La relajación se impuso y Pedro apenas podía creer que los acontecimientos se hubieran desarrollado de esa manera. Sin embargo, tener a su lado el cuerpo del suegro, sudoroso y agitado por la respiración acelerada, fue reavivando su deseo. Le posó una mano sobre el pecho para captar su húmedo calor y sintió que el sexo se le alborotaba. “¡Uy, todavía pidiendo guerra!”, dijo el suegro. Pedro casi se avergüenza de su intemperancia, pero aquél añadió enseguida: “Mira, yo no soy mucho de que me trabajen el culo, pero me puedes follar la boca y correrte en mi cara”. A renglón seguido tomó posición para que su cabeza quedara entre los muslos de Pedro arrodillado, que los abrió para que pudiera alcanzarle la polla. El suegro dio un sorbetón al miembro no endurecido del todo todavía y mamó con fruición. Pedro, entre el gusto que le estaba dando y la perspectiva desde la que contemplaba el cuerpo en tensión del suegro, gemía y se estrujaba las tetas. Su polla alcanzó la máxima rigidez y, cuando sintió que el ardor la iba a desbordar, la sacó de la boca y regó la cara del suegro. Éste cerró los ojos y fue relamiendo cuanto alcanzaba con la lengua. Pedro cayó a su lado y buscó un pañuelo para que se limpiara. Al fin el suegro exclamó riendo: “¡Vaya par de viciosos!”.

Cuando Pedro oyó los resoplidos que empezaba a dar el suegro totalmente despatarrado, sintió ternura por ese hombre con su lúdico sentido de la vida más allá de toda convención. Pero no quiso entregarse también al sueño no fueran a ser sorprendidos por el ya próximo regreso de las mujeres. Así que recuperó su eslip y buscó unos calzones que dejar al alcance del suegro.
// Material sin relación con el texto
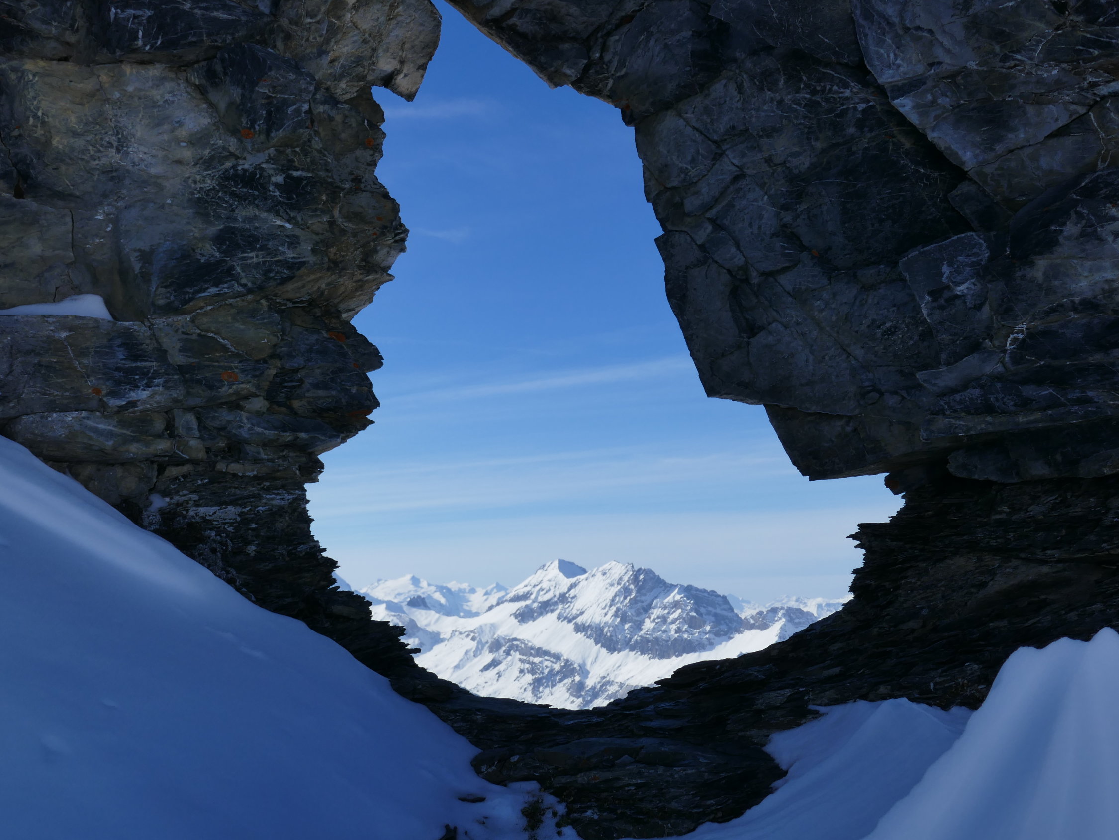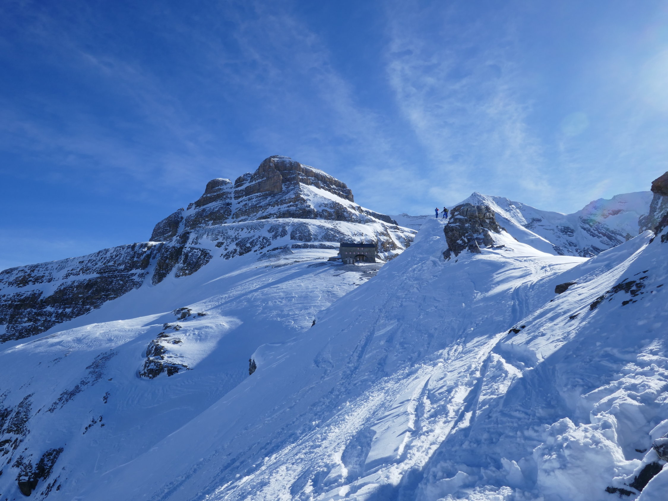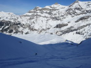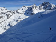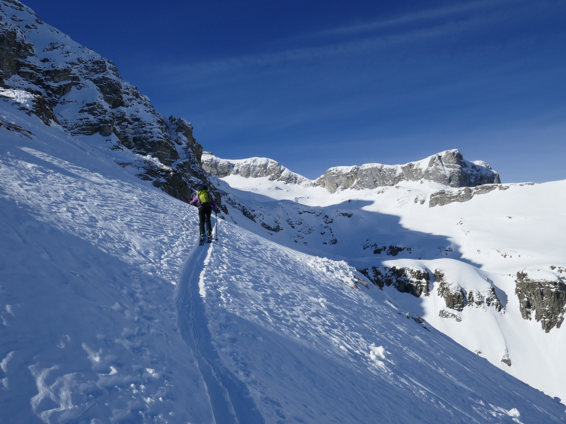 Vom Wind kaum bearbeiteter Pulverschnee und genügend verschneite Alpwege und -

Como éste tardaba en despertarse, Pedro, inquieto, decidió zamarrearlo con suavidad. “¡Eh! ¿Qué pasa?”, dijo el suegro sobresaltado. “Que pronto van a llegar”, explicó Pedro. “¡Ah, bueno!”, y el suegro se levantó somnoliento, para ponerse a continuación el calzón que vio junto a él. Así los encontraron  las mujeres, sentados beatíficamente uno en el sofá y otro en una butaca. A la pregunta de cómo se habían apañado, el suegro respondió: “Nos hemos entendido estupendamente”. Pedro, para cubrir el alboroto de la cama, quiso añadir: “¡Y vaya siesta que se ha pegado él!”. Carmen inquirió entonces: “¿Y tú que hacías?”. “También he dado mis cabezadas aquí en el sofá”. “¡Vaya dos cuando se les deja solos!”, fue la sentencia de la suegra.

En los días que quedaron de la visita familiar, no tuvieron ocasión los varones de una expansión similar. No obstante, en los breves momentos de intimidad que pudieron aprovechar, no faltaron deliciosas mamadas y pajeos mutuos. Y sobre todo, la contemplación plagada de deseo que intercambiaban. La despedida no dejó de tener un tinte de melancolía y, al comentar Carmen: “Parece que te ha caído muy bien mi padre”, a Pedro le salió del alma: “Es un hombre encantador”.